Panah Elnaz, Garfield Erin, Zahirsha Zisansha, Muhlbauer Aaron, Lake Eden, Speiser Jodi
Department of Pathology, Loyola University Medical Center, Maywood, IL; and.
Department of Dermatology, Loyola University Medical Center, Maywood, IL.
Am J Dermatopathol. 2024 Jun 1;46(6):381-382. doi: 10.1097/DAD.0000000000002715. Epub 2024 Apr 23.
Blau syndrome is a rare familial autoinflammatory disorder characterized by the triad of granulomatous dermatitis, polyarthritis, and uveitis. Blau syndrome exhibits an autosomal dominant inheritance pattern and can be caused by a gain-of-function mutation in nucleotide-binding oligomerization domain 2 (NOD2), a member of the NOD-like receptor family of pattern recognition receptors. Mutations in NOD2 cause upregulation of inflammatory cytokines and resultant autoinflammation. Because of the rarity of this condition and early onset of symptoms, Blau syndrome may be misdiagnosed as juvenile idiopathic arthritis. We present a case of a 37-year-old male patient with a long-documented history of juvenile idiopathic arthritis and uveitis, who developed an asymptomatic eruption of pink papules on the trunk and upper extremities. A biopsy demonstrated noncaseating, well-formed dermal granulomas with relatively sparse lymphocytic inflammation and Langerhans-type giant cells. Genetic testing confirmed a mutation in NOD2. Based on the patient's clinical history, histologic findings, genetic testing, the diagnosis of Blau syndrome was made.

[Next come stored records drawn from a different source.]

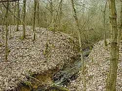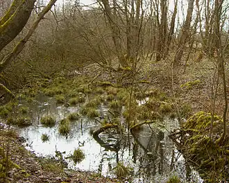 ![]() Dudenrother Schanze (rechts), aus westlicher Richtung vom inneren Wall aus fotografiert. Im Vordergrund ist der mit Wasser gefüllte innere Graben zu erkennen. | ||
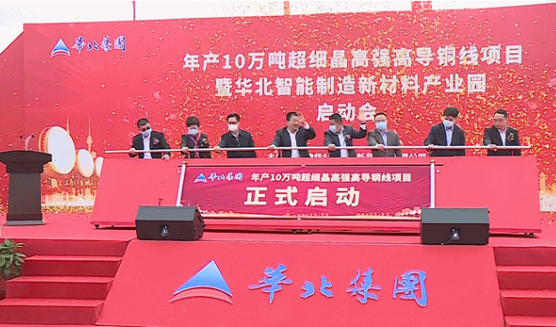 28日上午,华北集团年产10万吨超细晶高强高导铜线项目以及智能制造新材料产业园项目启动会在潘庄工业区华北智能制造新材料产业园内举行。区委常委、副区长惠冰出席启动仪式并讲话。
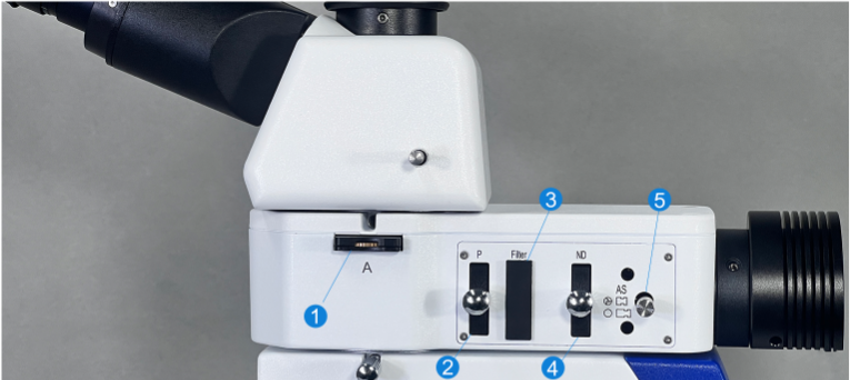 1.檢偏器插板 2.起偏器插板 3.濾色片插板
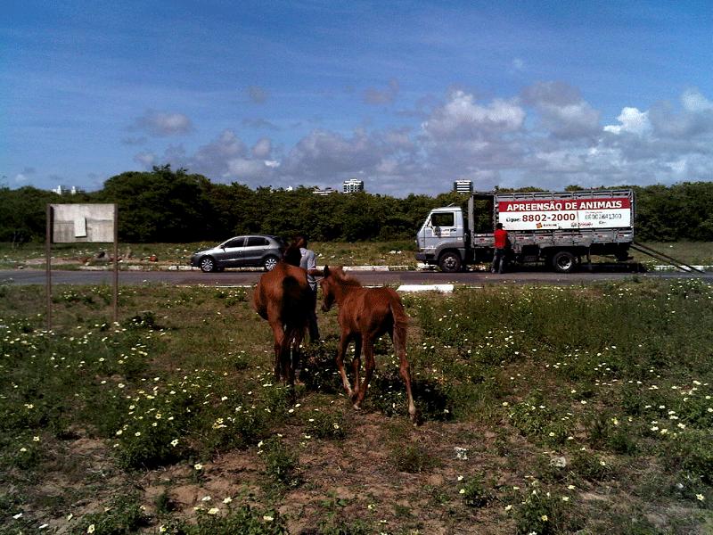 Para recolher os animais, foram encaminhados ao local dois caminhões boiadeiros. "Infelizmente não localizamos esses animais. No entanto, registramos, na rua José Freitas de Andrade, bem próximo ao local da denúncia, uma égua e outros animais que estavam amarrados em um terreno que margeia o mangue, causando transtornos à vizinhança com mau-cheio e aparecimento de parasitas", registrou Antônio Pereira.
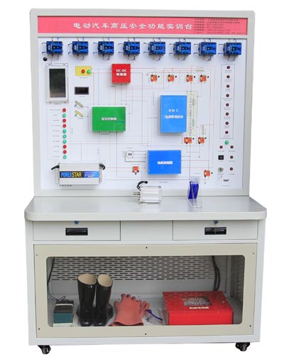 5.實訓(xùn)臺上部為系統(tǒng)電路原理圖和各系統(tǒng)的實物,實訓(xùn)桌下部安裝有低壓電源和高壓電池組,可通過透明窗口觀察鋰電池組。左側(cè)、右側(cè)后側(cè)網(wǎng)孔板通風散熱。
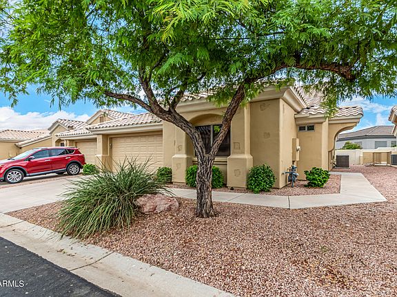 Welcome to this 2-main bedroom townhome in Apache Wells! The interior showcases vaulted ceilings, a soothing palette, half-moon windows, blinds, and plush carpeting in all the right places. Large family room for entertaining. The kitchen is equipped with wood cabinetry, efficient recessed lighting, stainless steel appliances, a two-tier peninsula with a breakfast bar, and a lovely breakfast room. Both main bedrooms are split and include a walk-in closet and its own bathroom. Outside, the covered patio offers a private oasis for evening relaxation. This gated Community boasts a swimming pool, a relaxing spa, BBQ areas, and a lush greenbelt. Located near golf courses, restaurants, and shopping options. See this gem today!
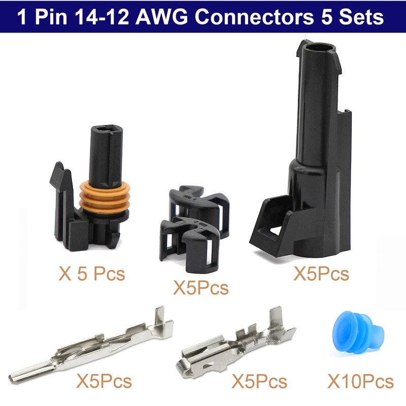 - 【Package Content of WeatherPack Connectors】5 Kit waterproof electrical connectors 1 pin with male & female terminal, 1 pin waterproof connectors: a total of 5 set of automotive connectors waterproof are included, Ideal for 14-12 AWG wires.
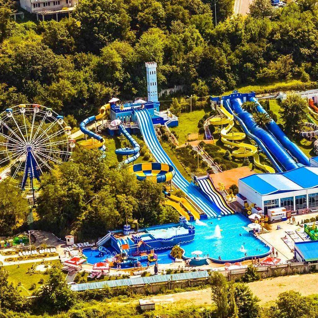 В нем восемь экстремальных горок, а еще бассейны с волнами, «сплав по реке», джакузи и аттракционы для самых маленьких посетителей. Чтобы всем было весело, гостей занимает веселая команда аниматоров.

布劳综合征是一种罕见的家族性自身炎症性疾病,其特征为肉芽肿性皮炎、多关节炎和葡萄膜炎三联征。布劳综合征呈现常染色体显性遗传模式,可由核苷酸结合寡聚化结构域2(NOD2)功能获得性突变引起,NOD2是模式识别受体的NOD样受体家族成员。NOD2突变导致炎性细胞因子上调并引发自身炎症。由于该病症罕见且症状出现早,布劳综合征可能被误诊为青少年特发性关节炎。我们报告一例37岁男性患者,有长期记录的青少年特发性关节炎和葡萄膜炎病史,其躯干和上肢出现无症状的粉红色丘疹疹。活检显示为非干酪样、形态良好的真皮肉芽肿,淋巴细胞炎症相对稀疏,并有朗格汉斯型巨细胞。基因检测证实NOD2存在突变。根据患者的临床病史、组织学发现、基因检测结果,作出了布劳综合征的诊断。